▶ _PROBLEM TO WORK ON_
In the entries that follow, find the line containing "Our Book Clubber" and the line containing "La principale du", then retype exactly the lines from the first through the second, pictures excluded.

START ENTRIES PROVIDED

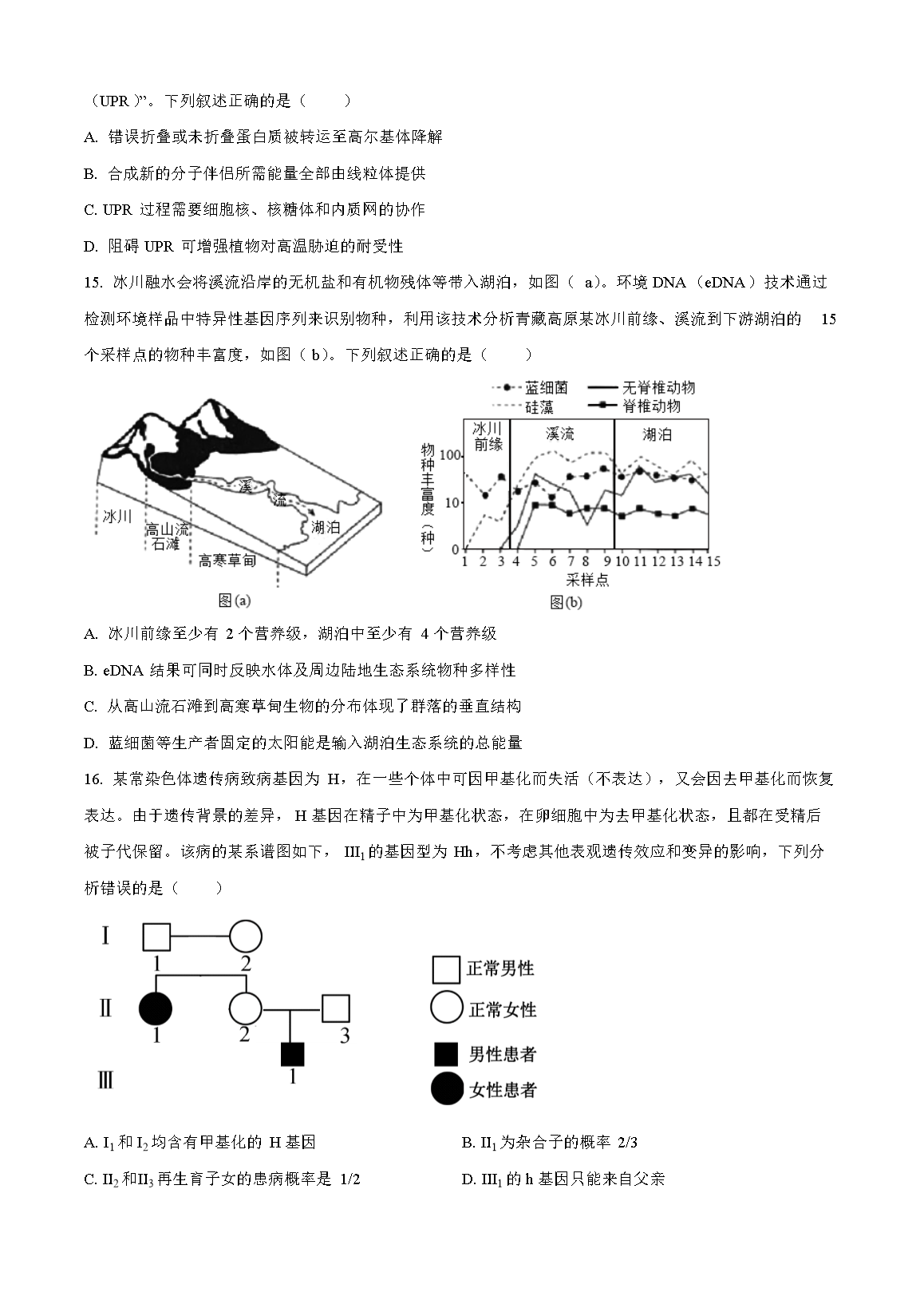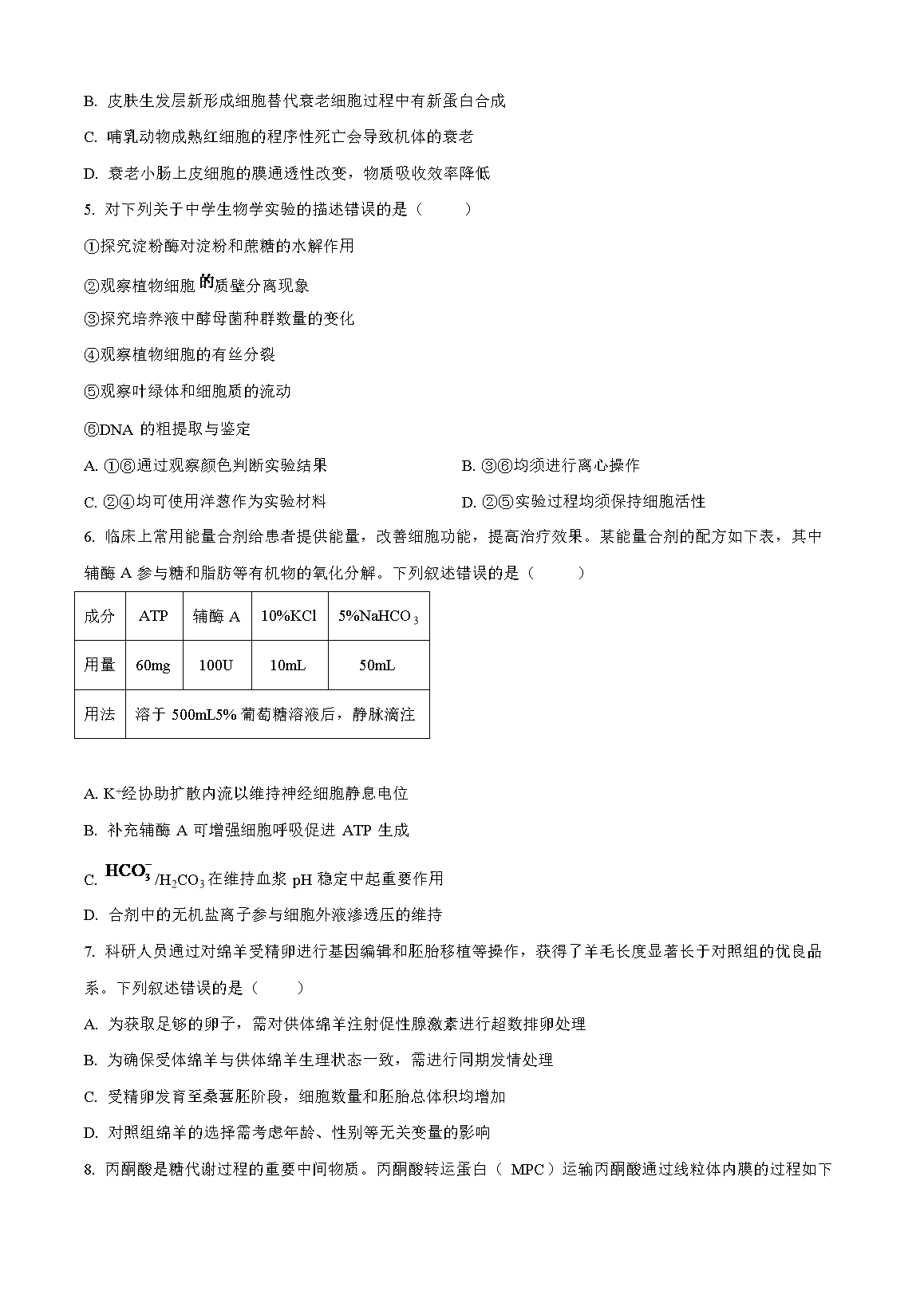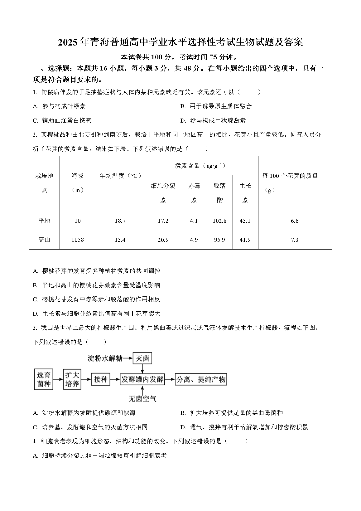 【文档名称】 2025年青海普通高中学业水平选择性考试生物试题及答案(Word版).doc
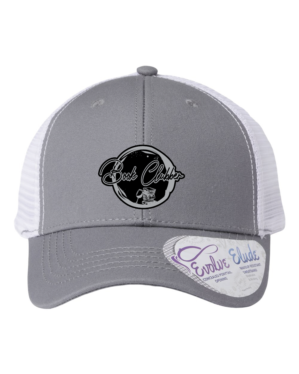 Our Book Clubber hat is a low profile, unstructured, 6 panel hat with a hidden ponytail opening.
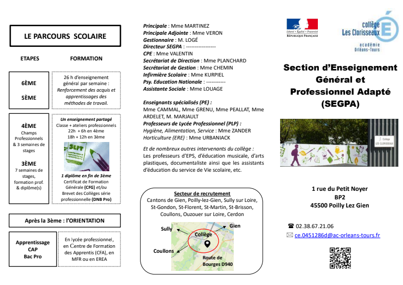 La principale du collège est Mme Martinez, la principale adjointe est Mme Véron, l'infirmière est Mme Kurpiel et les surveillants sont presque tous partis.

END ENTRIES PROVIDED
START ENTRIES PROVIDED

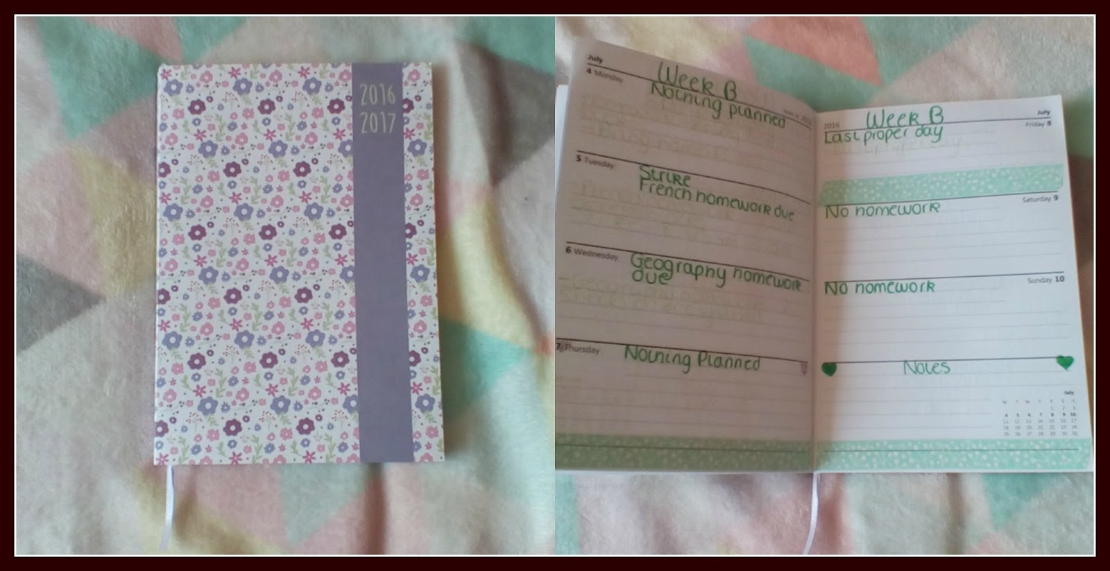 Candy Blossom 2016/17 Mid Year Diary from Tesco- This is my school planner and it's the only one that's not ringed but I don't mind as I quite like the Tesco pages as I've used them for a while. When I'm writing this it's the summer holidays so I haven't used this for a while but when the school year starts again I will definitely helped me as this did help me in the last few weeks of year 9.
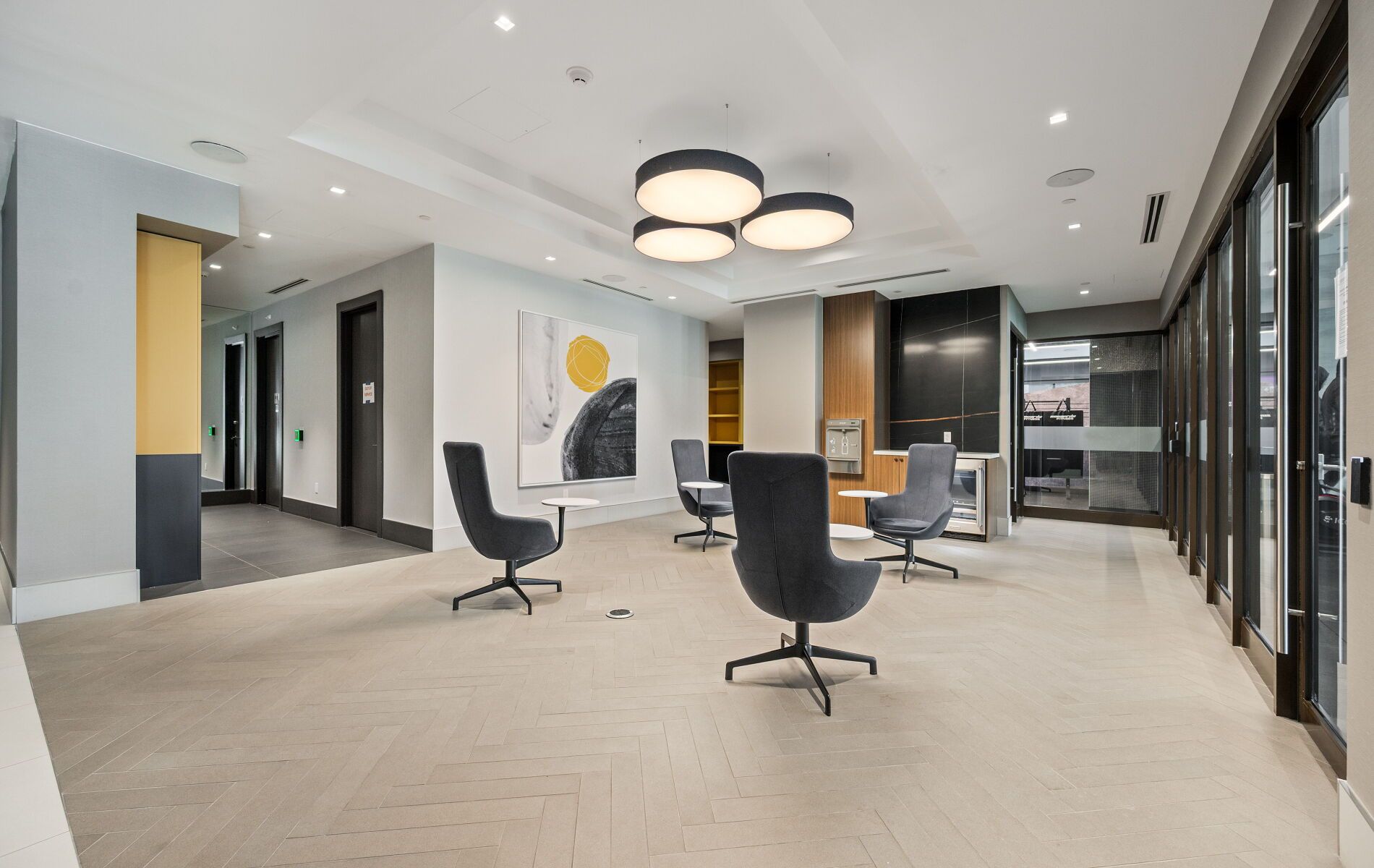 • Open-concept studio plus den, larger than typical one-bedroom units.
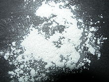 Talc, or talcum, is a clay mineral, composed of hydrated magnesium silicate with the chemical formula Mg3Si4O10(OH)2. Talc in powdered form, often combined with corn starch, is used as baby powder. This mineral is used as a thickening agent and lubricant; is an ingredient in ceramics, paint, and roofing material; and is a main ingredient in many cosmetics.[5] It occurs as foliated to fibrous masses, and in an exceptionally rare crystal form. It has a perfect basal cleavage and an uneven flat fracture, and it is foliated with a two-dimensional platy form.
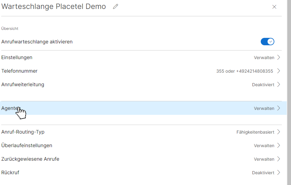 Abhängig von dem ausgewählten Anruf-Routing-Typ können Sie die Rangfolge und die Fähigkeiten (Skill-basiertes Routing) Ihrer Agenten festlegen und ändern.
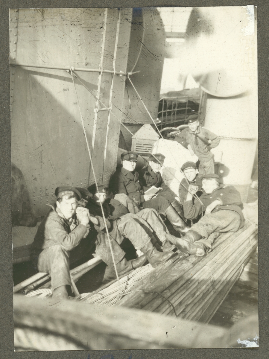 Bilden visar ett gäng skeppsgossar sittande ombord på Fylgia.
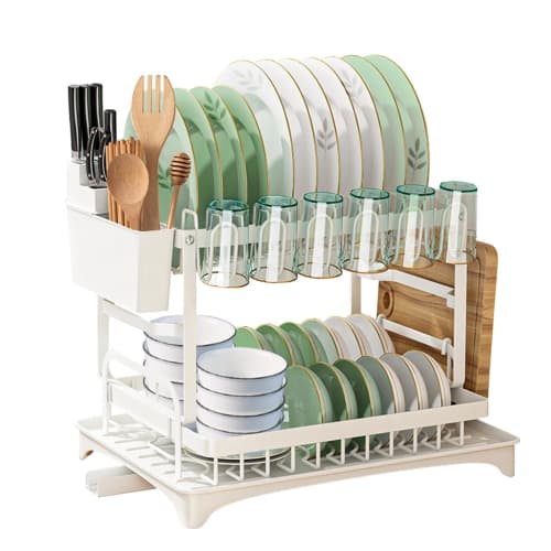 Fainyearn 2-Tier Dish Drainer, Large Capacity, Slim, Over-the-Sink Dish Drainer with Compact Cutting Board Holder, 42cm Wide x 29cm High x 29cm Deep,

END ENTRIES PROVIDED
START ENTRIES PROVIDED

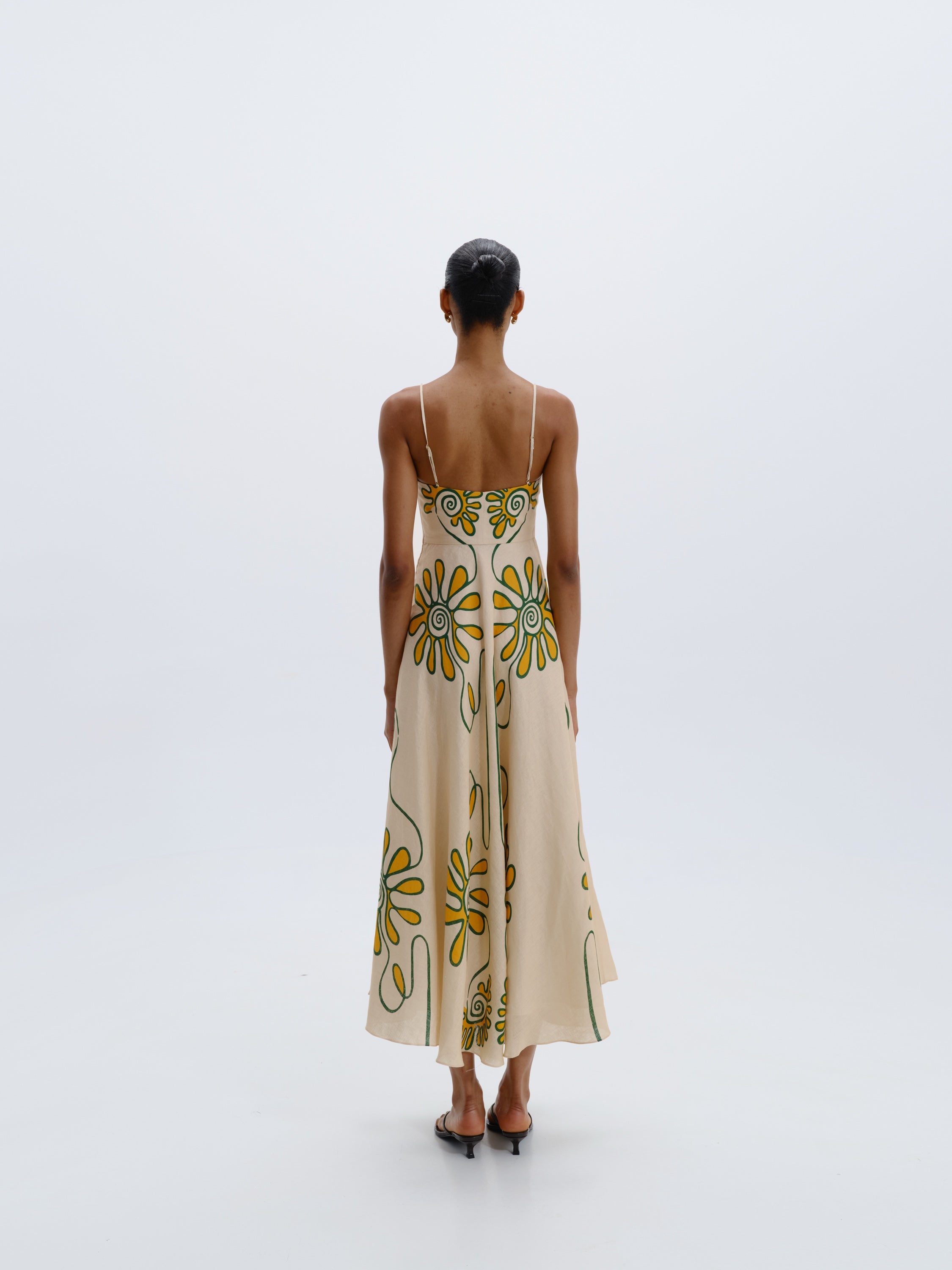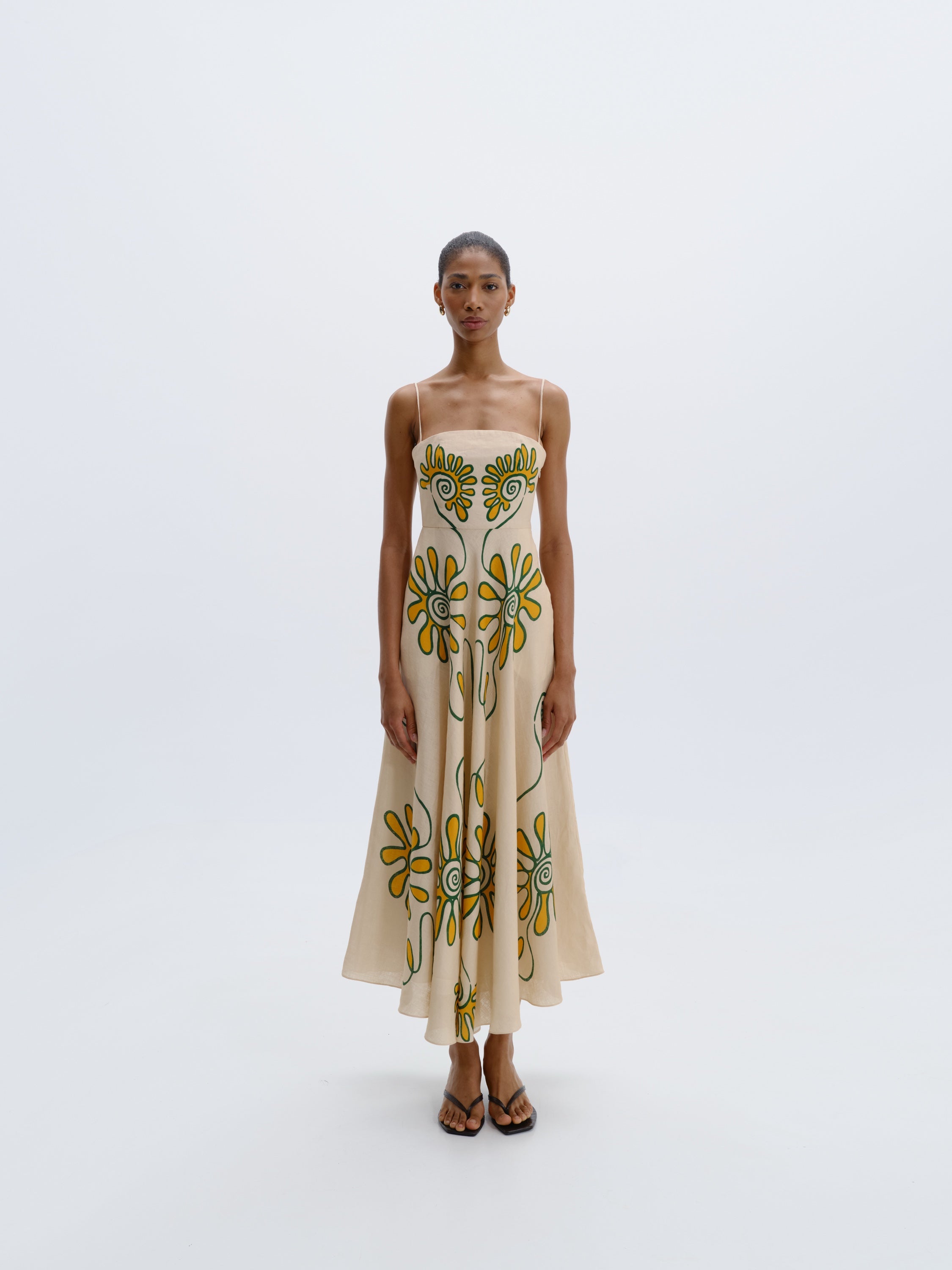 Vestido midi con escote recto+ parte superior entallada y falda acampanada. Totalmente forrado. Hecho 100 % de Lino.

END ENTRIES PROVIDED

▶ _RESULT OF THIS EXERCISE_
 Our Book Clubber hat is a low profile, unstructured, 6 panel hat with a hidden ponytail opening.
 La principale du collège est Mme Martinez, la principale adjointe est Mme Véron, l'infirmière est Mme Kurpiel et les surveillants sont presque tous partis.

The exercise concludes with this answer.